- U.S. film poster by Tom Jung
- Directed by: Dan Curtis
- Written by: Dan Curtis; William F. Nolan;
- Based on: Burnt Offerings (1973 novel) by Robert Marasco
- Produced by: Dan Curtis; Robert Singer;
- Starring: Karen Black; Oliver Reed; Burgess Meredith; Eileen Heckart; Lee H. Montgomery; Dub Taylor; Bette Davis;
- Cinematography: Jacques R. Marquette
- Edited by: Dennis Virkler
- Music by: Bob Cobert
- Production companies: Dan Curtis Productions; Produzioni Europee Associati;
- Distributed by: United Artists (worldwide) Titanus (Italy)
- Release dates: April 1976 (Paris); May 25, 1976 (Italy); August 25, 1976 (U.S.);
- Running time: 116 minutes
- Countries: United States Italy
- Language: English
- Budget: $2 million
- Box office: $1.56 million

= Burnt Offerings (film) =

1976 film by Dan Curtis

Burnt Offerings (Ballata macabra) is a 1976 supernatural horror film co-written and directed by Dan Curtis and starring Karen Black, Oliver Reed, Bette Davis, and Lee H. Montgomery, with Eileen Heckart, Burgess Meredith and Anthony James in supporting roles. It is based on the 1973 novel by Robert Marasco. The plot follows a family which begins to interpersonally dissolve under supernatural forces in a large estate they have rented for the summer. The film's title derives from the Book of Leviticus, referring to a "sacrifice by fire" and a "gift offered to God."

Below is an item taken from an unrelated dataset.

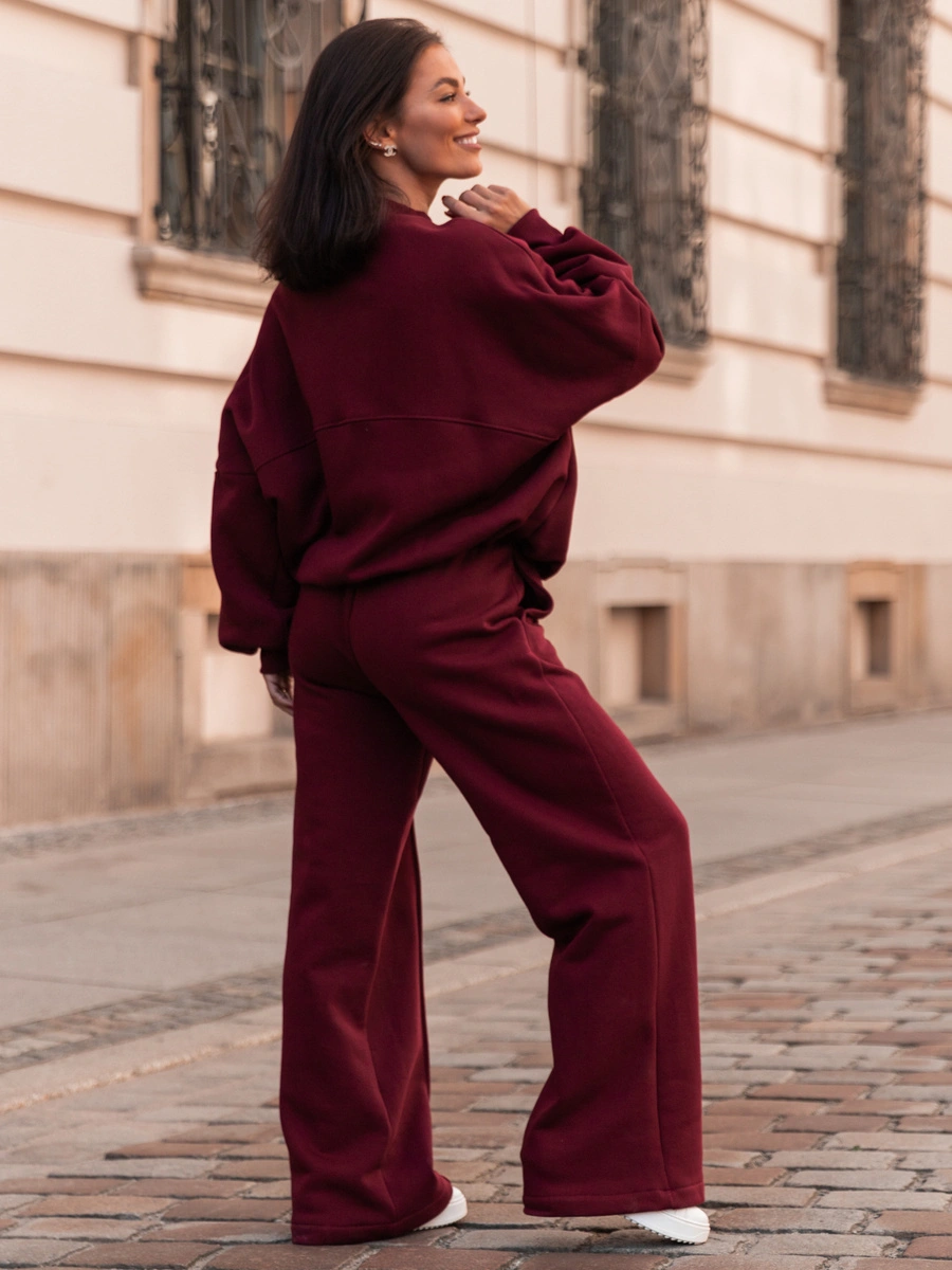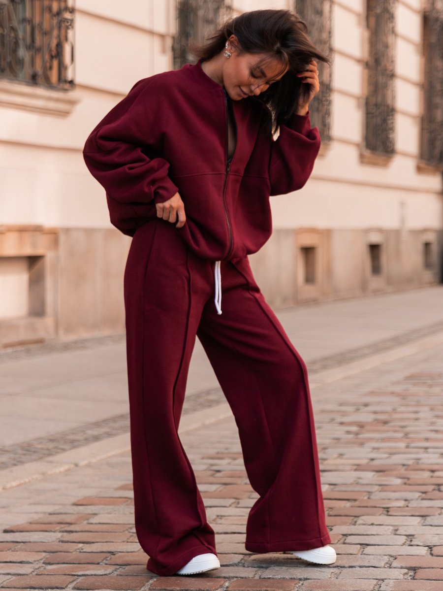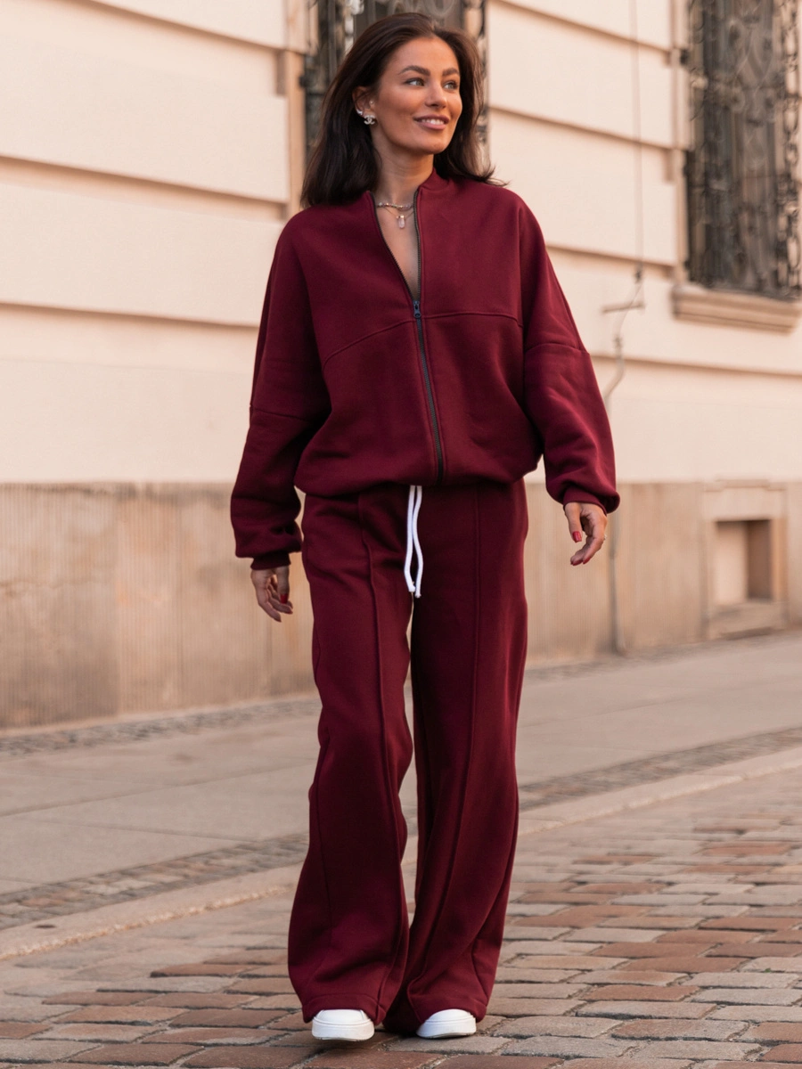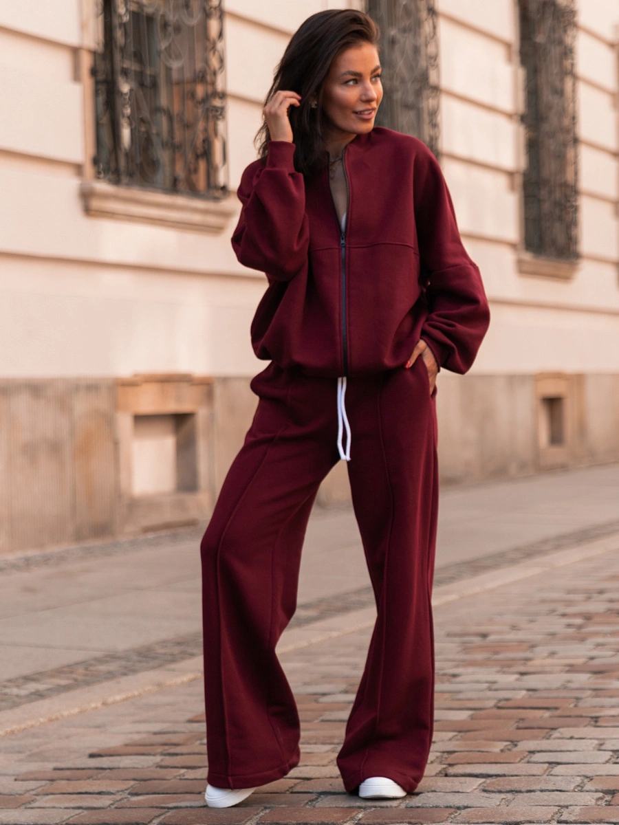 Komplet dresowy : bluza na zamek bez kaptura , na stójce , mankiety z prążkowanej dzianiny bawełnianej i spodnie z wysokim stanem z szerokimi nogawkami. Luźny krój. Uszyty z dresowej dzianiny bawełnianej drapanej od wewnątrz dzięki czemu jest przyjemna w noszeniu , materiał najwyższej jakości od polskiego producenta.

The screenplay was adapted from Marasco's novel by Curtis and writer William F. Nolan, and the project marked Curtis's theatrical feature debut, as his prior work had consisted primarily of television films. Co-produced by Italian producer Alberto Grimaldi's Produzioni Europee Associati, Burnt Offerings was filmed on location at the historic Dunsmuir House in Oakland, California in the late summer of 1975. The shoot was marked by several difficulties, including a camera man being fired after improperly lighting two weeks' worth of material, as well as the production being temporarily halted when Curtis's daughter died by suicide. Davis also clashed with co-stars Black and Reed, deeming their actions on set as "unprofessional."

Distributed by United Artists, Burnt Offerings was given a domestic limited theatrical in August 1976, which expanded later that fall. While the film received mixed reviews from critics and was a box-office flop, it won several awards in 1977, including three Saturn Awards for Best Director (Curtis), Best Supporting Actress (Davis), and Best Horror Film. In the years since its release, the film has been analyzed by film scholars as a commentary on materialism and the dissolution of the American family.

== Plot ==
Writer Ben Rolf, his wife Marian, and their 12-year-old son Davey tour a large, shabby, remote neo-classical 19th-century mansion to rent for the summer. The home's eccentric owners, elderly siblings Arnold and Rosalyn Allardyce, offer them a bargain price of $900 for the entire summer, with one odd request: Their elderly mother will continue to live in her upstairs suite, and the Rolfs are to provide her with meals during their stay. The old woman is obsessed with privacy and will not interact with them, so meals are to be left in her sitting room outside her locked bedroom.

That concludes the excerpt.